Title: From Cognitive Evolution to Cultural Evolution to Explain the Sustainable Development of Science: A Problem and Its Plausible Solution
Description:
From the perspective of human cognitive evolution to analyze the origin and sustained development of science, there is a puzzle, because the driving force behind cognitive evolution is natural selection, which favors biological traits improving individual adaptation rather than seeking the truth.
Some scholars argue that cultural evolution provides an explanation for the development (or progress) of science, wherein scientific beliefs can be transmitted intergenerationally within the scientific community, thus continually converging toward truth.
However, this explanation has ecological validity problem.
Research on cultural learning strategies suggests that when choosing beliefs for imitation learning, people tend to consider contextual and content factors rather than the truth value of beliefs.
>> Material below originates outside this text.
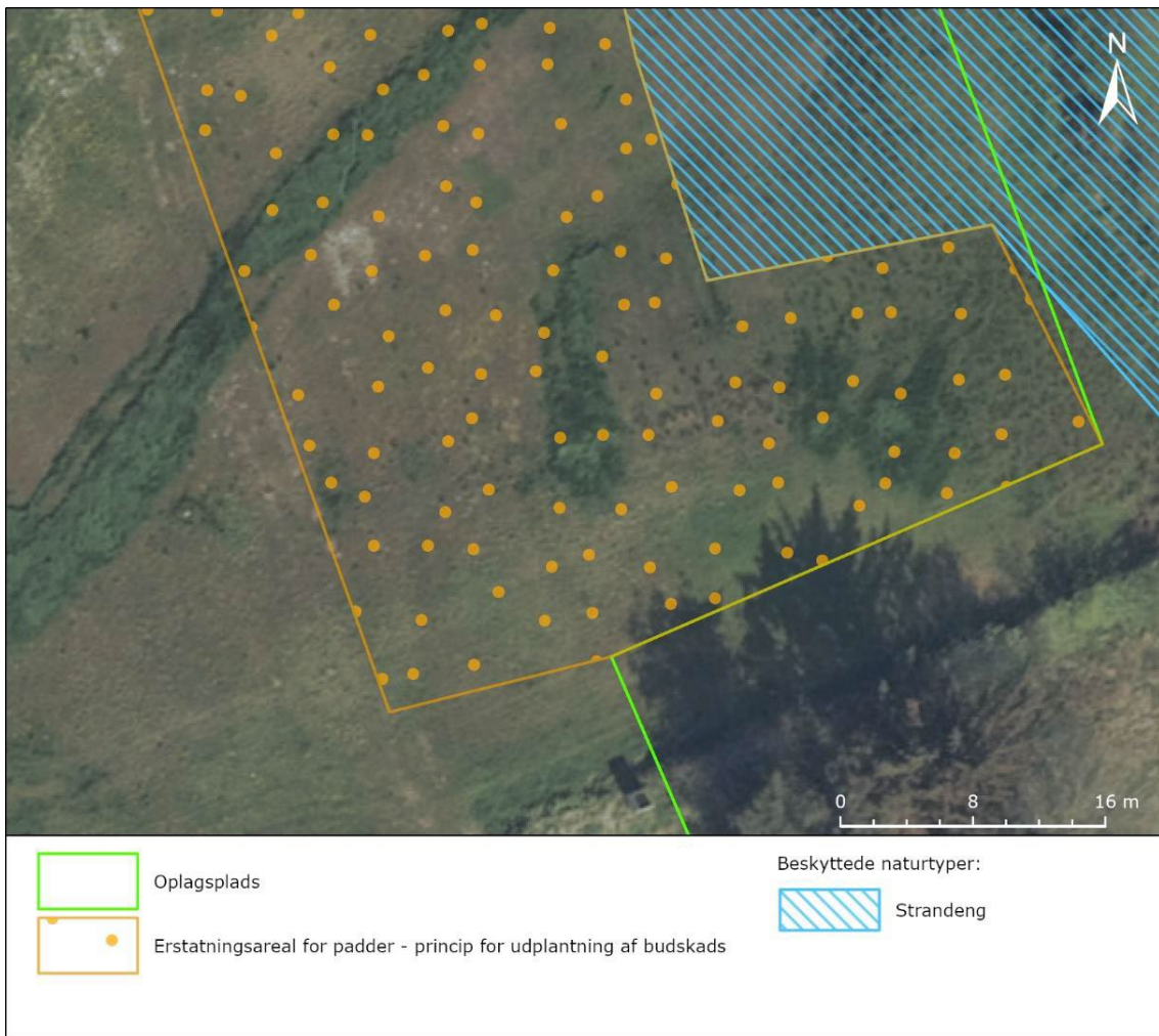
Figur 2. Principskitse for placering af buske på erstatningsareal. Her ses et udsnit af erstatningsarealet.

On the other hand, due to the absence of universally accepted criterion for theory selection recognized by all scientists, the best theory choice always fails.
I will develop a minimum model for the best theory choice to defend the scientific progress's cultural evolution approach.
The criterion for the best theory choice is the mark of a scientific school's establishment and the demarcation line with each other.
As a scientific school's member, a scientist could select the best theory as his/her learning model according to the school's criterion.
Hence, it is plausible for the approach to explain scientific progress.
Finally, my model will show a scientific school is a driver to improve the local scientific progress, and the competition between schools promotes global scientific progress.
The school's size and the scientific reasoning diversity decide a result of the competition.